New dataset: RPI administration handed us a spreadsheet a couple of weeks ago and said, "show it to us!"
- Google Spreadsheet: research_centers_web_v3_with_3yr_ave
- Version controlled data root: research-centers
- from here^^, you can see it has unit tests, a retrieve.sh, and TWO enhancement parameters.
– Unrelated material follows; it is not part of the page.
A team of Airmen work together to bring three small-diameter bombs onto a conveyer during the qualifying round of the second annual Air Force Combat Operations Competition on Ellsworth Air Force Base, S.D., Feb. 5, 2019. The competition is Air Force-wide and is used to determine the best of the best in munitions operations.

- read more at Version control strategies: only the essential minimum is needed
Following Automated creation of a new Versioned Dataset again, we can follow the retrieve, convert, test cycle:
mkdir ~/Desktop/reproduce; cd ~/Desktop/reproduce
svn checkout https://scm.escience.rpi.edu/svn/public/logd-csv2rdf4lod/data/source/data-rpi-edu/research-centers/ source/data-rpi-edu/research-centers
cd source/data-rpi-edu/research-centers/version/
./retrieve.sh
cd 2011-Nov-02
cr-test-conversion.sh --setup --verbose
will end up with:
................................................................................
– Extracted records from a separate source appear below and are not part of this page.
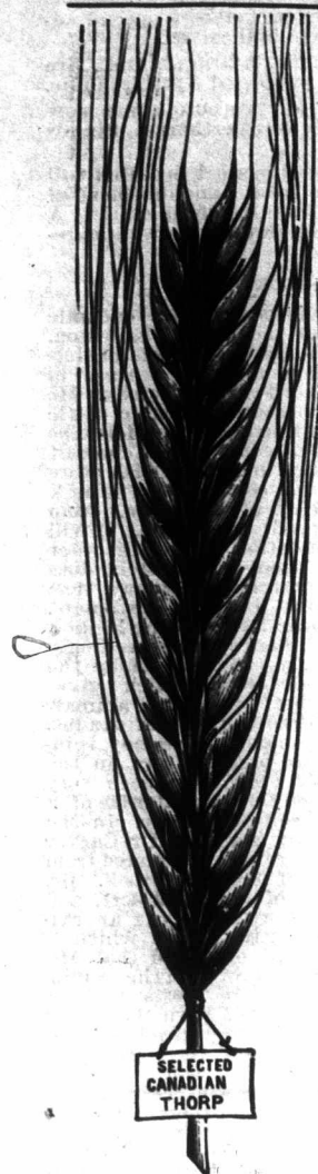
SELECTED CANADIAN THORPE

We also call your attention to the page of premiums on page 19, January 1st, and page 39, January 15th issues. Everyone is delighted with them.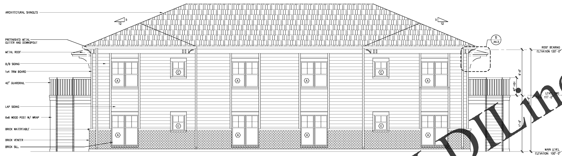
2 ELEVATION: REAR SCALE: 1/4"=1'-0"

ELEVATION NOTES: 1. SEE A7.1 FOR WINDOW SCHEDULE 2. SEE FINISH NOTES FOR EXTERIOR COLOR SCHEDULE 3. FIELD VERIFY FINAL WALK GRADE AT EXI STAIR 4. PROVIDE ONE WINDOW PER SLEEPING UNIT W 5.7 SF EGRESS AREA 5. PAINT ALL WALL & ROOF PENETRATIONS TO MATCH ADJACENT SURFACE 6. SEE LANDSCAPE DWGS FOR MECH UNIT SCREENING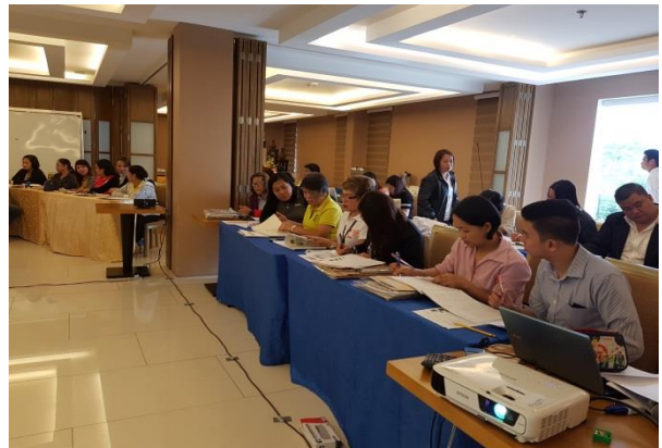
Validation of Hospital DOTS reports

../../rq/test/ask/present/people-lod-link.rq (Ask => Yes)
<https://logd.tw.rpi.edu/source/data-rpi-edu/dataset/research-centers/typed/person/James_Hendler>
a research-centers_vocab:Faculty , foaf:Person ;
dcterms:identifier "James Hendler" ;
owl:sameAs <https://dbpedia.org/resource/James_Hendler> .
-\-!-*-!-!-!-*-!-*-!-!-!-*-!-*-!-!-!-*-!-*-!-!-!-*-!-*-!-!-!-*-!-*-!-!-!-*-!-!-/ \ \ \ FAIL / / /
../../rq/test/ask/present/person-not-a-person.rq (Ask => No)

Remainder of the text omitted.